> **Exercise directions**
Extract the lines from the first one in the records below through the line containing "講師們還帶領(lǐng)大家", keeping both ends and leaving out any pictures.

Stored data entries:
------------

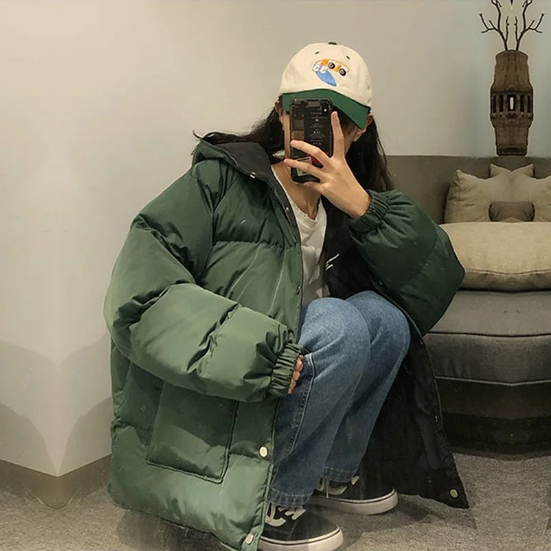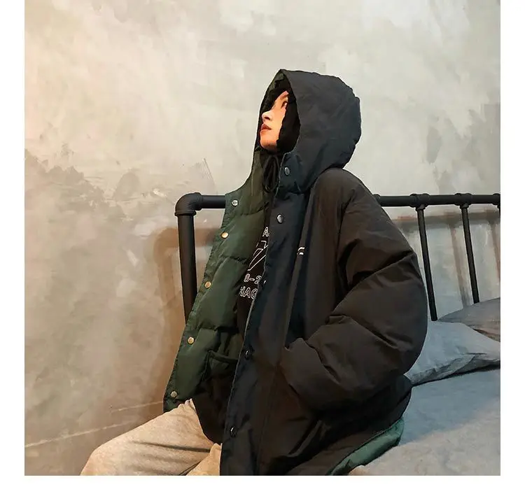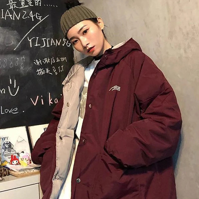 Парка женская двухсторонняя модная дизайнерская зимняя шикарная свободная утолщенная Женская однобортная уличная одежда Ulzzang с капюшоном
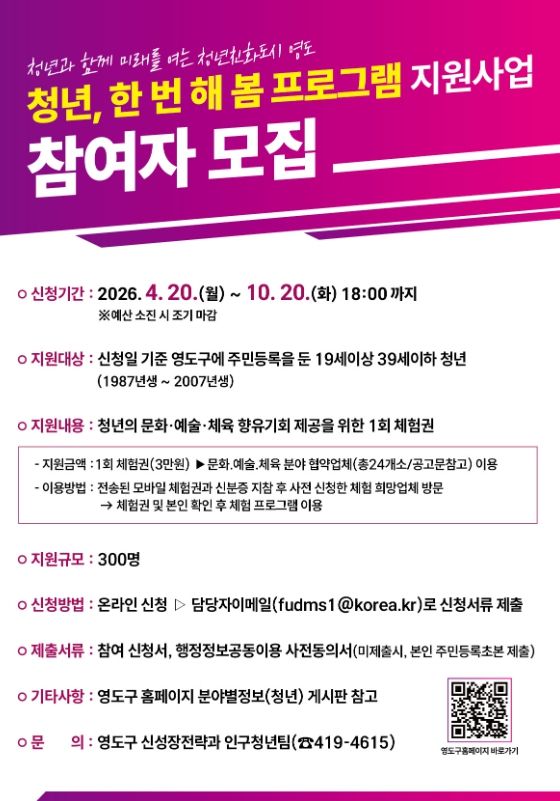 뉴한국방송뉴스통신사 신유철기자 기자 | 부산 영도구는 청년들에게 문화 향유 기회를 제공하고 지역 청년문화 활성화를 도모하기 위해 '청년, 한 번 해 봄 프로그램 지원사업' 참여자를 이달 20일부터 10월 20일까지 모집한다고 밝혔다.
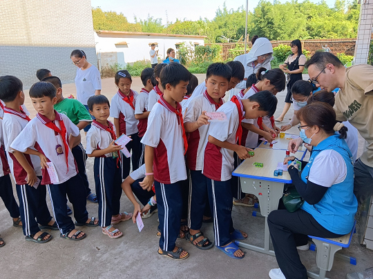 講師們還帶領(lǐng)大家體驗搓制夏桑菊顆粒,指導(dǎo)制作“夏桑菊書簽”及“二天油中藥香囊”。這次沉浸式的研學(xué)公益課堂,讓全體學(xué)生感受了中醫(yī)藥文化及星群非遺文化的魅力,更以寓教于樂的方式在孩子們的心中播下了中醫(yī)藥文化傳承的種子。
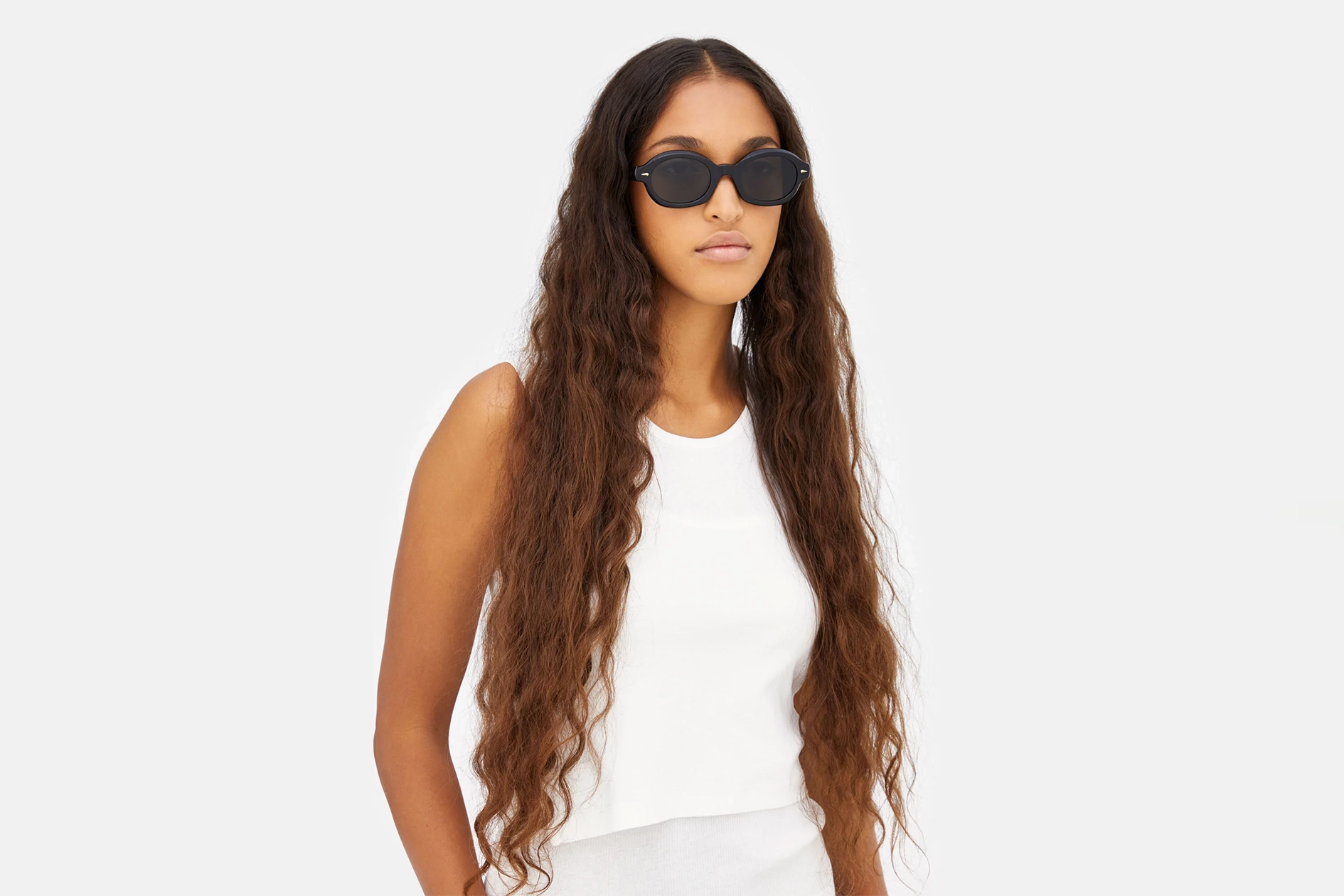 Овальний і компактний, Marzo — це захоплюючий силует у колекції RSF. Модель вирізняється масивними ацетатними обідками, що стали фірмовою рисою RSF, і черпає натхнення у формах 1960-х років із низькими, виступаючими кінчиками дужок та овальними лінзами. Завдяки ручному оздобленню та витонченим дужкам, ці окуляри пропонують свіжий погляд на повсякденні сонцезахисні окуляри. У цій версії модель представлена в чорному кольорі з чорними лінзами Zeiss та золотистими декоративними елементами.
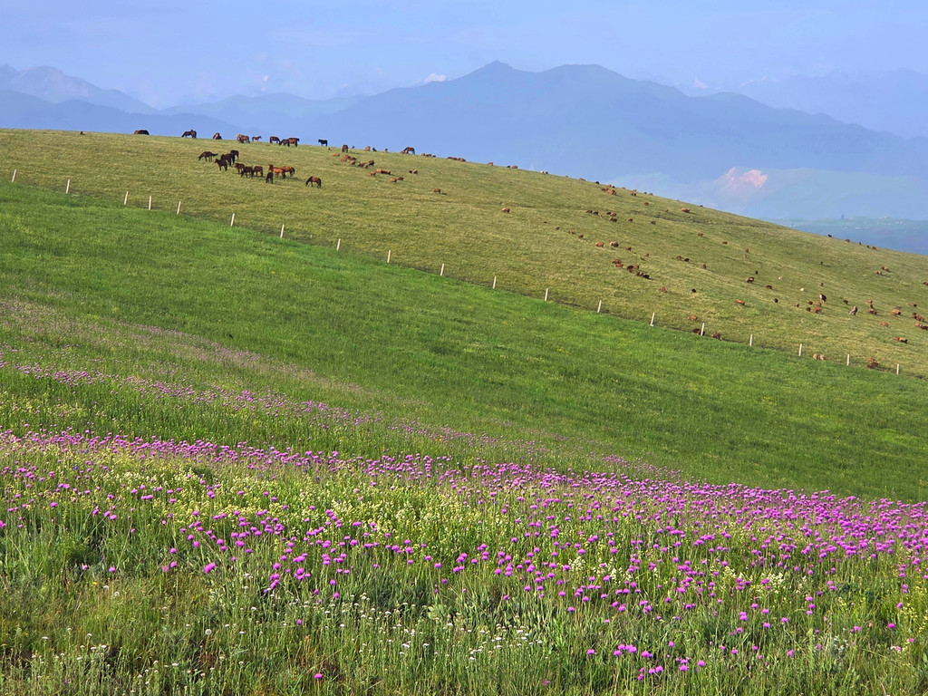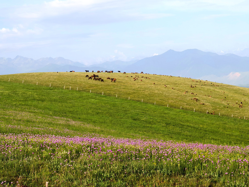 这次在喀拉峻游览也有美中不足的地方,就是远景中能见到的雪山不多。据了解,今年因天气因素的影响,到了6月份,雪山上的积雪已消融了许多,所以从草原上放眼望去,原本白雪皑皑雪山不很明显了。没有雪山的衬托,景观的层次感就逊色了许多,这个情况在其它景区景点游览的感觉也然。
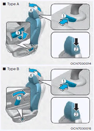 3. Press the head restraint release button (3) while pulling the head restraint up (4).
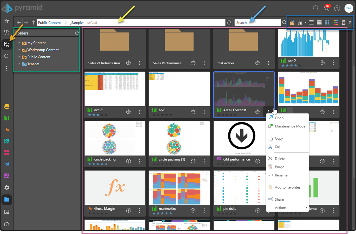 The "item listing" (purple box above) is visible in every content view, not just the explorer. It shows a list of content items that match the selections, search, filters, and so on selected on the page. The listing contains files of all of the content types (associated with the apps: Model, Discover, Formulate, Tabulate, Present, Publish, and Illustrate), and also sub-folders, which are contained within the selected parent folder.
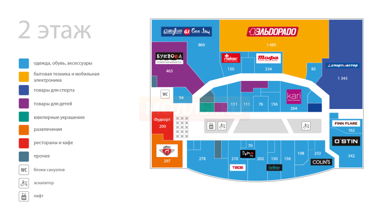 Якорные операторы ТРЦ: продовольственный гипермаркет «Макси», супермаркеты бытовой техники и электроники «Эльдорадо», спортивных товаров «Спортмастер», магазин косметики и парфюмерии «Л`Этуаль», магазины модной одежды Befree, а также одежды для всей семьи O`Stin, Gloria Jeans, «ТВОЕ». Также в ТРЦ представлены магазины Rieker, Kari, Steilman, Chester, Gulliver, «Линии любви», 585, «МЮЗ», Sunlight, Kira Plastinina, Paolo Conte, «Аскона» и семейно-развлекательный центр «Дейфи».
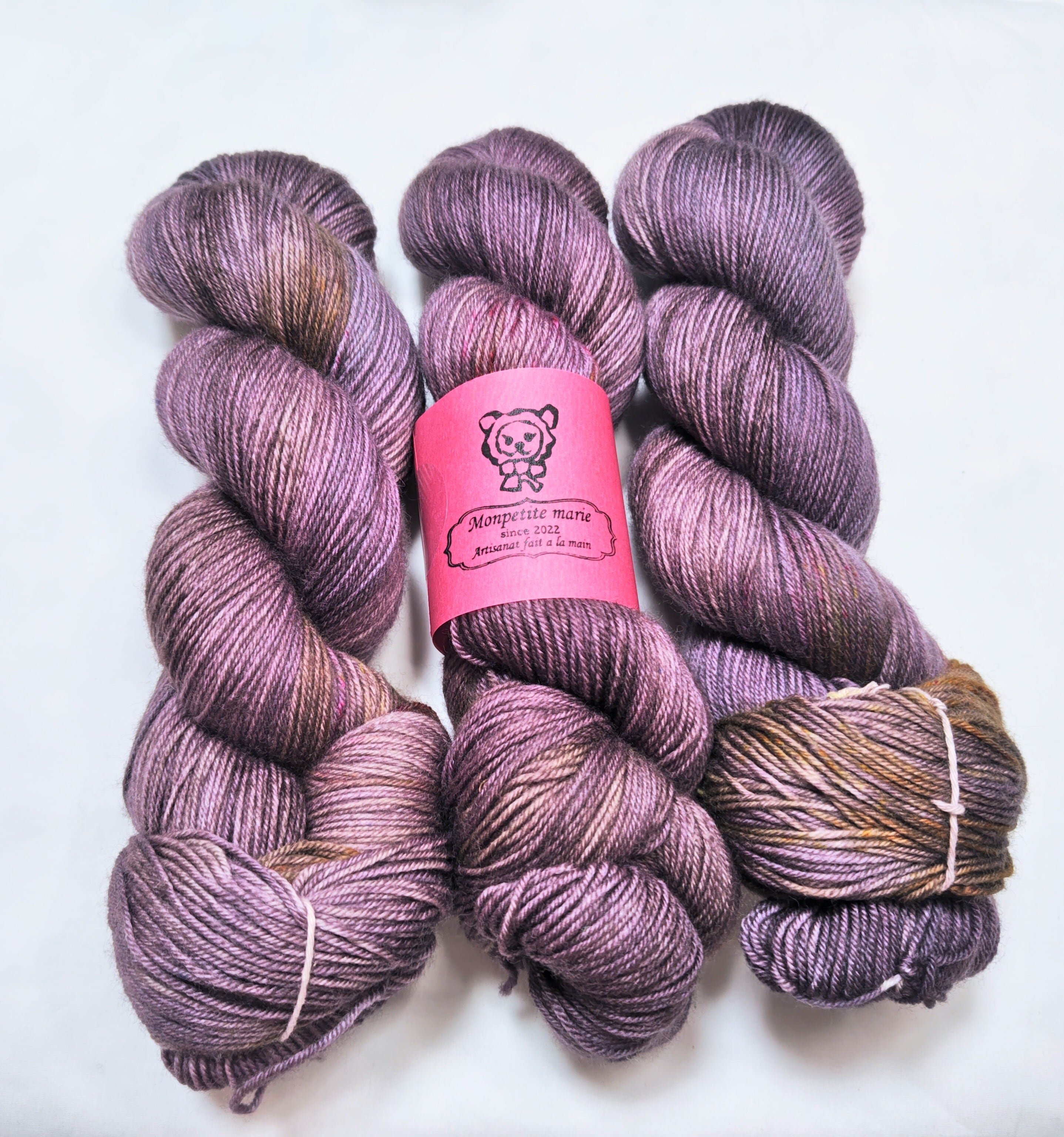 防縮加工されたファインメリノウール75%ナイロン25%を含みます。中細 fingering weightの4本よりの糸です。詳しくは、yarn baseをご覧ください。
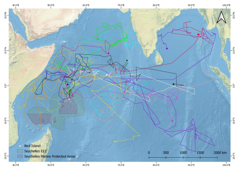 Following the initial move to the north of Bird Island, all of the birds eventually dispersed more widely, with individuals reaching the Arabian Sea, the Mozambique Channel, the 90-east Ridge and the huge Chagos Marine Protected Area; all of these areas had been earlier shown to be of importance to Bird Island’s adult Sooty Terns out of the breeding season.

------------

> **Output for this task**
 Парка женская двухсторонняя модная дизайнерская зимняя шикарная свободная утолщенная Женская однобортная уличная одежда Ulzzang с капюшоном
 뉴한국방송뉴스통신사 신유철기자 기자 | 부산 영도구는 청년들에게 문화 향유 기회를 제공하고 지역 청년문화 활성화를 도모하기 위해 '청년, 한 번 해 봄 프로그램 지원사업' 참여자를 이달 20일부터 10월 20일까지 모집한다고 밝혔다.
 講師們還帶領(lǐng)大家體驗搓制夏桑菊顆粒,指導(dǎo)制作“夏桑菊書簽”及“二天油中藥香囊”。這次沉浸式的研學(xué)公益課堂,讓全體學(xué)生感受了中醫(yī)藥文化及星群非遺文化的魅力,更以寓教于樂的方式在孩子們的心中播下了中醫(yī)藥文化傳承的種子。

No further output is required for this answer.